Tueurs de Flics est le premier roman de Fréféric H. Fajardie écrit entre Mimizan et Paris durant l’été et l’automne 1975. Humour glacé, engagé et politique dans le sillage d’un Manchette ou d’un A.D.G. avec des pointes de poésie et de lyrisme, un ton que je n’ai jamais rencontré ailleurs et qui me fait irrémédiablement penser au fabuleux chanteur Alain Leprest. Les rouages de la société et le fonctionnement de la police sont analysés par l’œil critique dans un style particulièrement concis et nerveux. Les propos de Fajardie sont violents dans le fond et dans la forme. On ressent une certaine fascination où tout au moins une compréhension — une certaine sympathie dans le sens de partager le même sentiment — pour les « tueurs de flics » qui œuvrent tout au long du roman :

Quand à celui que votre presse pourrie appelle « le grand Africain » c’est effectivement un grand africain. Son 1 mètre 88, bien sûr, mais ce n’est pas une question de taille. C’est un chef de tribu, un guerrier noir recouvert de peau de panthère, un homme éternel et nouveau qui annonce des temps nouveaux loin du déclin des Blancs, cette immonde pourriture blanche qui sent le cadavre. C’est l’heure ! L’heure des clans, des sectes. Votre pourriture s’écroulera dans le reflet étincelant des longs couteaux de la nuit et des rasoirs du crépuscule. Il faut désapprendre, retour à la préhistoire, à la tribu, là précisément ou commença l’erreur. Nous nions vingt siècles d’histoire, de domination par le pognon, le salariat, vos modèles de réussite.

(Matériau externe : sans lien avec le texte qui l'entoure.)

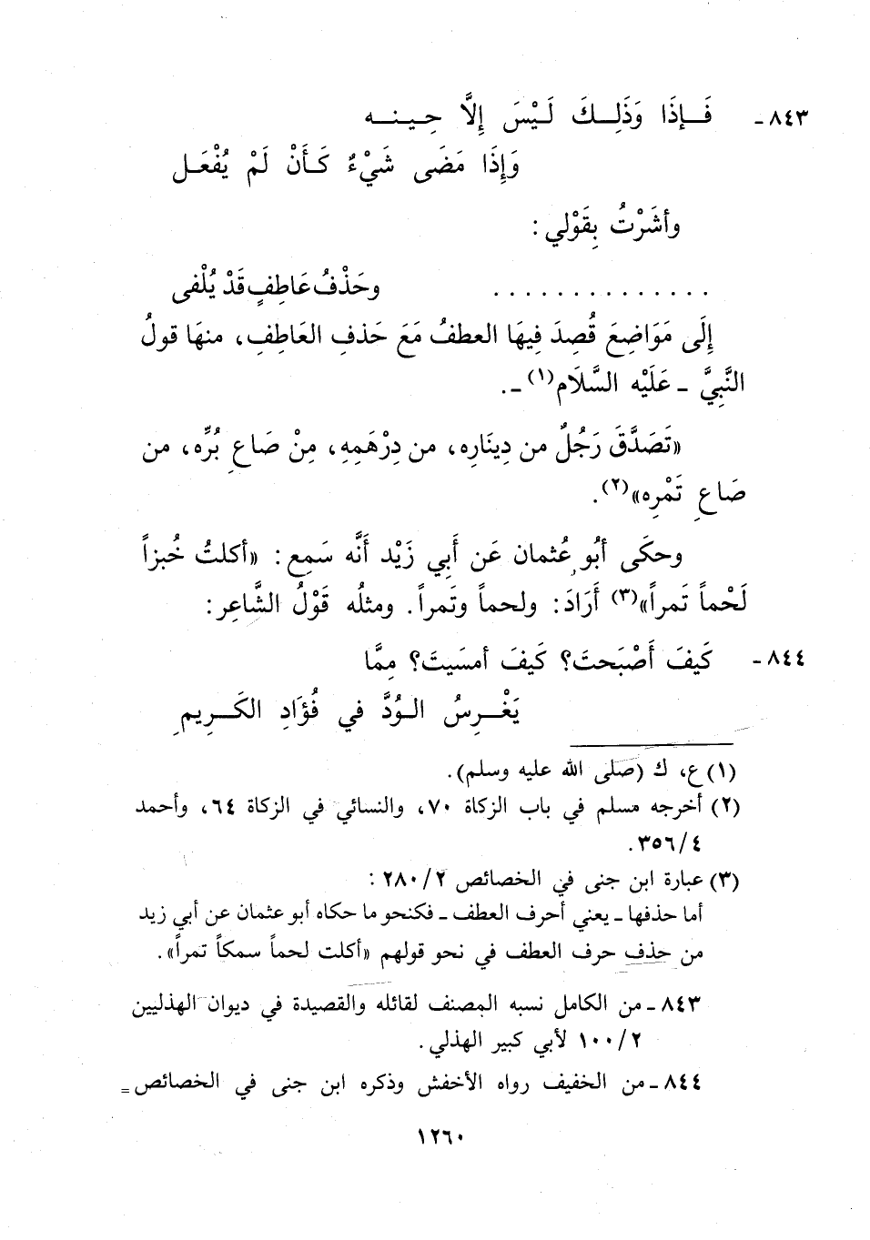 843- من الكامل نسبه المصنف لقائله، والقصيدة في ديوان الهذليين 2/ 100 لأبي كبير الهذلي.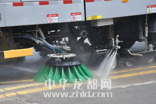 ????當天上午,記者在市政府門前看到,由宇通汽車廠家提供試機的幾臺環衛高壓清洗車和掃地車列成一排(上圖),一臺小型掃地車一邊行駛一邊清掃地面,前端幾個旋轉式毛刷(下圖)進行清掃的同時,還向地面噴灑出霧狀水,路面上的各類垃圾清掃后吸入后面的車斗里,駛過之處,路面干凈許多。隨后,大型環衛清洗車“上陣”,車體四周分頂噴、中噴和后噴,四五十米寬的道路都能輕松噴射覆蓋。經過清水“洗禮”后,兩旁慢車道上綠化帶的植被上積存的浮土被沖刷得一干二凈,綠意顯得更濃了。打開頂噴,清洗車向天空噴射出幾米高的幾股高壓水柱,有效降塵,凈化空氣。經過兩輪試驗下來,記者看到,瀝青馬路上變得干凈而清新,以往灰蒙蒙的馬路一下子變得“眉清目秀”。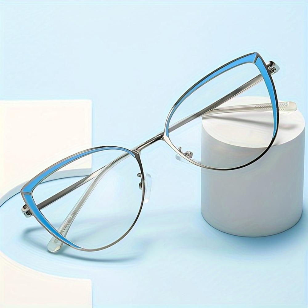1 Pair Of New Color Changing Anti Blue Light Glasses Metal Cat Eye Holder Women'S Fashionable Glasses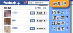 不知道大家這幾天有沒有注意到在 FaceBook 上面突然有好多人希望加入當朋友,但我根本就不認識對方呀!這個時候您通常會怎麼做呢?覺得多一個朋友也很酷,就直接接受了?還是會先進入這個人的臉書上看看,然後再決定要不要加?或者看看有沒有共通認識的朋友再決定要不要加?今天之後,這些動作您都要更小心唷..... 以下是可能發生的原因,請大家注意: 一、因為某些遊戲的競賽、活動...... [閱讀更多]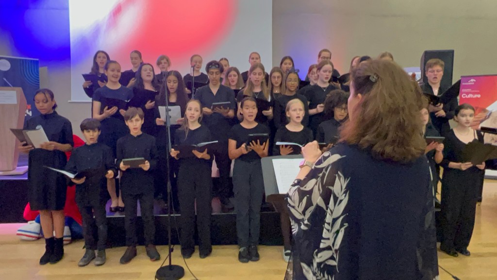 - Chorale Inspirante : Un des moments forts de la soirée fut la prestation d’une chorale de jeunes, qui a magnifiquement interprété dans l’ordre l’hymne luxembourgeois, puis « La Marseillaise et enfin « L’Hymne à la Joie », l’hymne européen. Une véritable célébration de l’unité et de la diversité culturelle. Très émouvant …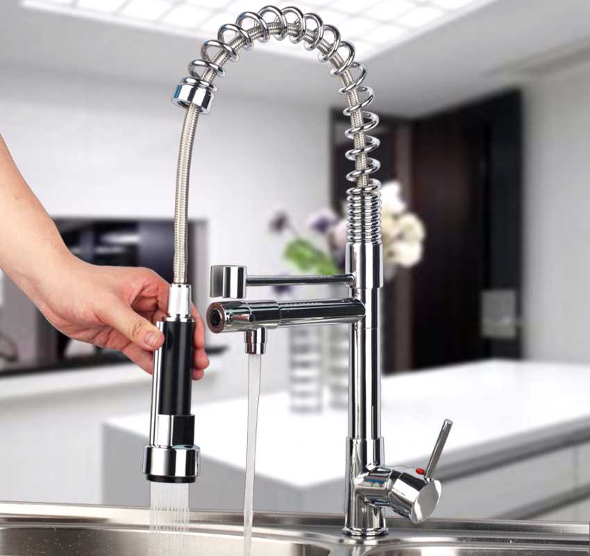 Также актуален для кухонных условий. Внешне он не отличается от своих собратьев. Но если потянуть за его конец, то можно вытянуть гибкий шланг до 70 сантиметров длиной. Он помогает мыть мойку, посуду, овощи с фруктами.

À l’image de la prise d’otage (qui ouvre le roman) par l’homme Paic-Citron qui veut rentrer dans la machine à laver pour faire comme dans la pub vue à la télé, les « tueurs de flics » sont des gens brisés — à divers niveaux — par la société, des gens qui réagissent au monde qui les entoure et le personnage de Padovani — le flic à part — veut comprendre, changer l’ordre. Mais attention, il ne s’agit pas là de pardonner les actes, juste de les comprendre, de suivre le sentiment, de le partager, peut-être… mais la mort, non, la vengeance aveugle et les théories poussent au pire.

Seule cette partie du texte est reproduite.